Abstract
Notcamos quatro doentes do sexo feminino com doença de Graves com anticorpos ANA positivos e possibilidade de desenvolvimento de lúpus eritematoso sistémico. Todos os quatro doentes foram tratados com medicamentos antitiróides. Os sintomas de LES apareceram de 4 a 12 meses após o início da terapia com methysol em dois deles. O terceiro doente não tinha sintomas de LES, mas os seus anticorpos ANA, anti-DNA e anti-histamínicos tinham sido positivos na altura do início da tirotoxicose. O quarto doente tinha alopecia areata com ANA positivo e anticorpos anti-histónicos.
1. Introdução
A associação entre tireoidite de Hashimoto e lúpus eritematoso sistêmico (LES) tem sido descrita por vários autores, mas, em contraste, Mulhern et al. relatam que não há associação clara entre essas duas doenças. A coexistência do LES e da tireotoxicose era menos conhecida até o momento. Em alguns casos a tireotoxicose precedeu a manifestação do LES, em outros os sinais de LES apareceram primeiro, e em alguns pacientes ambas as doenças começaram simultaneamente .
Descrevemos quatro pacientes com doença de Graves com anticorpos antinucleares (ANAs) positivos e uma possibilidade de desenvolvimento do LES.
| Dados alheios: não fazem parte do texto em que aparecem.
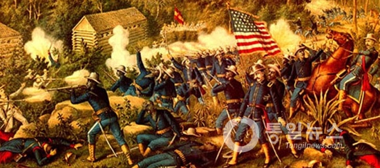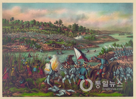 미국이 스페인과의 전쟁에 뛰어들기 전 쿠바 독립군은 이미 쿠바 섬 전체의 절반 이상을 해방한 상태였고, 1898년 2월 스페인은 쿠바의 자치정부 수립에 동의했다. 그런데 이때 아바나 항구에 정박 중이던 미 해군 순양함 메인호가 폭발하는 사고가 일어났고,(주1) 미국은 이를 빌미로 4월 21일 스페인과의 전쟁에 나선다. 미국 군함은 쿠바의 주요 항구를 봉쇄했으며, 미 해병대가 동남해안을 통해 쿠바 섬에 대한 상륙작전을 감행했다. 미국은 스페인령 푸에르토리코와 필리핀 공격에도 나섰다.
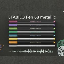 Brister con 8 pennarelli Stabilo Pen 68 metallizzati (oro, argento, rame, blu, rosa, lilla, verde e verde chiaro) ideali per un tocco di originalità alle tue creazioni. Grazie alla perfetta copertura su carta e cartoncini neri e alla robusta punta M ogni tratto risulterà luminoso e brillante.
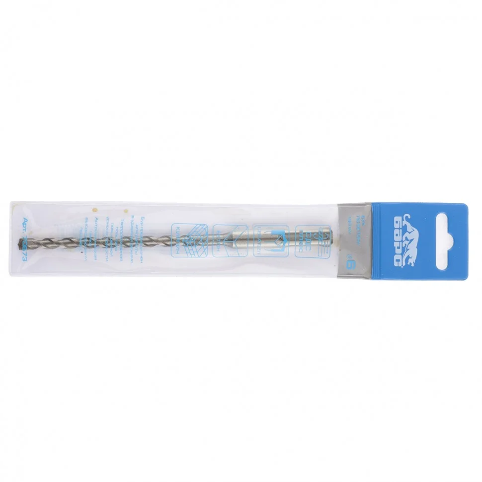Бур по бетону Барс 70573 размером 6 х 160 мм, Luxembourg TIP, используется в качестве оснастки с перфораторами SDS Plus. Он подходит для бурения отверстий в бетоне, кирпиче, натуральном и искусственном камне. Бур может применяться на стройках, во время ремонтных, монтажных/демонтажных и иных работ как любителями, так и профессионалами.ПреимуществаМаксимальная результативность — центрирующая головка бура позволяет с высокой точностью и чистотой сверлить не только бетон, но и особо твердые материалы.Высокое качество — режущая пластина изготовлена из твердосплавной стали ВК8 80-90 HRC одним из мировых лидеров по производству твердосплавных изделий.Прочность и стойкость к динамическим нагрузкам — рабочая спиральная часть выполнена из легированной стали 40Х и термически обработана до необходимой твердости.Надежность — пластина автоматически припаяна тугоплавким материалом, который обеспечивает высокую механическую прочность соединения.
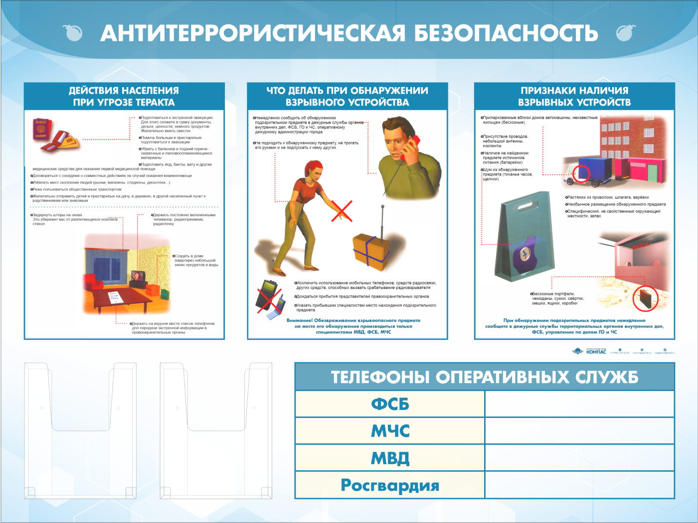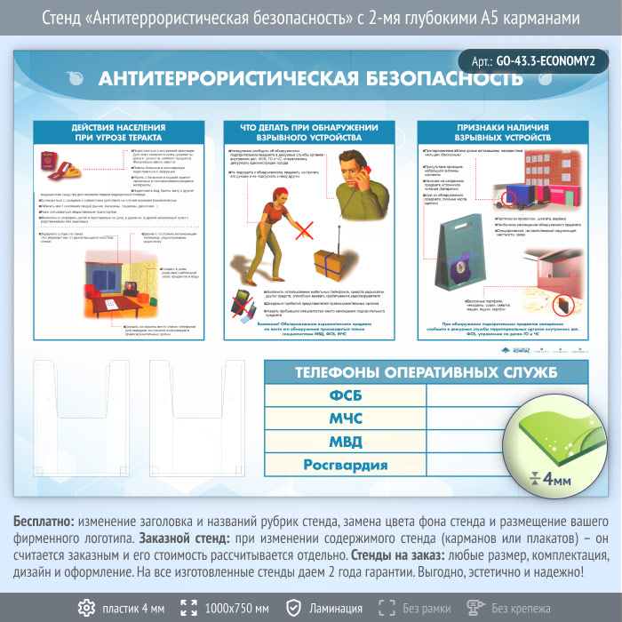 Стенд «Антитеррористическая безопасность» с 2-мя глубокими А5 карманами (GO-43.3-ECONOMY2) в Черкесске купить

As foram determinados por um método imunofluorescente indirecto em células HEp-2, ADN anti-ds, anti-Sm, anni-RNP, e anticorpos anti-histónicos, assim como T3, T4, e TTH por uma técnica ELISA.
2. relato de caso
Patiente 1
Uma paciente de 39 anos de idade do sexo feminino tinha sofrido de fraqueza, perda de peso, taquiarritmia, tremor, exofthalmos, pele úmida e bócio durante o último ano. Durante quatro meses ela foi tratada com propiltiouracil (PTU) sem efeito, mas há um mês ela teve edema nas pernas, derrame pleural e dispnéia. No momento da internação no departamento de terapia intensiva, ela tinha exoftalmia, taquiarritmia (140 bpm) e anasarca sem efeito de tratamento com PTU 60 mg diários. As principais manifestações clínicas foram sinais e sintomas de descompensação cardíaca com cardiomegalia, taquiarritmia absoluta com flutter atrial, ritmo galopado T3, pulso venoso positivo das veias jugulares, hipotensão e anasarca. Sua pele e muco eram ictéricos; apresentava xantemas nas pálpebras superiores e bócio (grau III-IV), com uma emoção auscultatória, e a efusão pleural e a hepatomegalia persistiam. Os exames laboratoriais mostraram valores normais de ESR, contagem de hemácias, leucócitos e plaquetas e de creatinina sérica, uréia e níveis de ASAT e ALAT, bilirrubinemia (total-48, 3 μmol/L, direto-17, 3 μmol/L), níveis elevados de enzimas colestáticas (fosfatase alcalina 168 Unidades, gama-GTP 62 Unidades), ANA negativo, DNA, Sm, e RNP, mas anticorpos anti-histônicos positivos, T3-3, T4-124, e TTH-0, 1 pmol/L. ECG de 12 derivações: taquiarritmia absoluta e flutter atrial, P-pulmonale, alterações difusas na repolarização mostrando resultados positivos após a terapia. Ecocardiografia: os tamanhos e volumes do ventrículo esquerdo estão dentro da faixa de normalidade, e existe um aumento moderado do átrio esquerdo. Pressão arterial pulmonar elevada (sistólica: 60 mm Hg, mediana 38 mm Hg) e sobrecarga do ventrículo direito com relativo grau de regurgitação tricúspide II e aumento do átrio direito foram detectados. A FE foi de 44%, e a FS foi de 22%. Foi tratada com metilprednisolona 30 mg diários e furosemida 40 mg diários e apresentou melhora.
Patiente 2
O caso é de uma paciente de 44 anos de idade, do sexo feminino, que havia sofrido taquicardia, pele úmida e bócio nos últimos anos. Ela teve derrame pericárdico há vários meses. Naquela época os valores de T3 e T4 eram de 8 e 115 pmol/L, respectivamente. A paciente foi tratada com methysol (6 comprimidos por dia, mais tarde 4 comprimidos por dia). Desde o verão passado ela tinha tido fotosensibilidade, artralgia, alopecia areata e adrenalina malar. Os ANAs foram positivos (1 : 640), e os anticorpos ADN e Sm também foram positivos, mas os anticorpos anti-histónicos foram negativos. Todos os testes de sangue, incluindo ESR, eritrócitos, leucócitos, trombócitos, ASAT, ALAT, creatinina, e uréia, foram normais. Os níveis de hormônios da tireoide foram os seguintes: FT3 = 5,3 pg/mL (normal 2,3-4,2 pg/mL); FT4 = 9,3 μg/dL (normal 0,8-1,8 ng/L), TSH-below 0,15 μg/mL (normal 0,5-4,70 μIU/mL). Artralgia, fotossensibilidade, alopecia e erupção malar persistem até agora. Além disso, este paciente tinha síndrome de WPW e alergia a antibióticos.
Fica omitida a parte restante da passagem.